Dataset section:
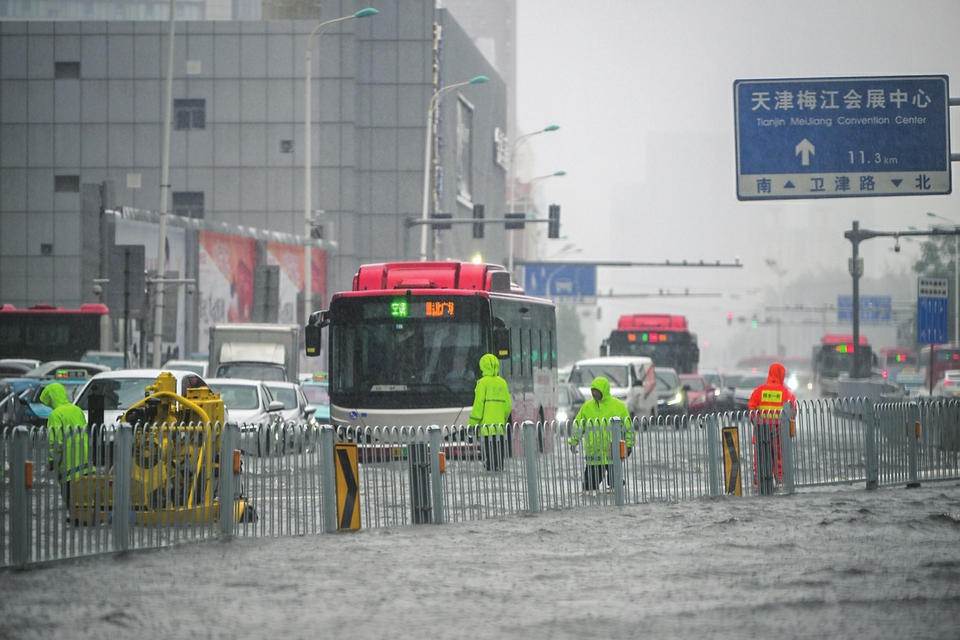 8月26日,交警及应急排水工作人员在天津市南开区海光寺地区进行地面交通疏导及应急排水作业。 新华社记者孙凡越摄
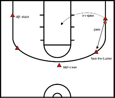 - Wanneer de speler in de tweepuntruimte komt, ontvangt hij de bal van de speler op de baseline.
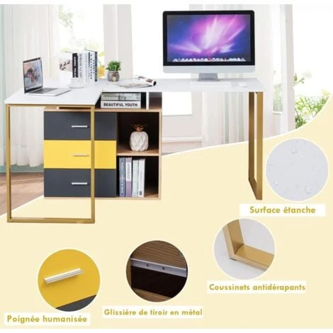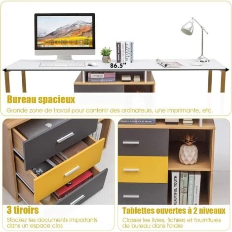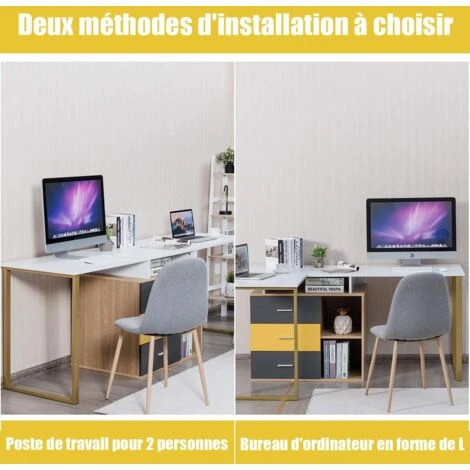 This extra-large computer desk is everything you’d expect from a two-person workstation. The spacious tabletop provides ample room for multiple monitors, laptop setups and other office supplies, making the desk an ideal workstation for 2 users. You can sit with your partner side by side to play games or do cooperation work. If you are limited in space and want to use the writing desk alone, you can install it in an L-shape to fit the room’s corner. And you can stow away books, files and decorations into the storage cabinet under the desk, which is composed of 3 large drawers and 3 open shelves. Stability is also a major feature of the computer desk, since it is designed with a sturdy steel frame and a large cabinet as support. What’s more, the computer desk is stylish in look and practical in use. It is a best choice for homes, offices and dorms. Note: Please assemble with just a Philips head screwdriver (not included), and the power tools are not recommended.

Problem requirements: Please restate the lines above exactly, starting at the first line of the data and stopping at the line containing "- Wanneer de", which is included. Omit pictures.

Answer for this exercise:
 8月26日,交警及应急排水工作人员在天津市南开区海光寺地区进行地面交通疏导及应急排水作业。 新华社记者孙凡越摄
 - Wanneer de speler in de tweepuntruimte komt, ontvangt hij de bal van de speler op de baseline.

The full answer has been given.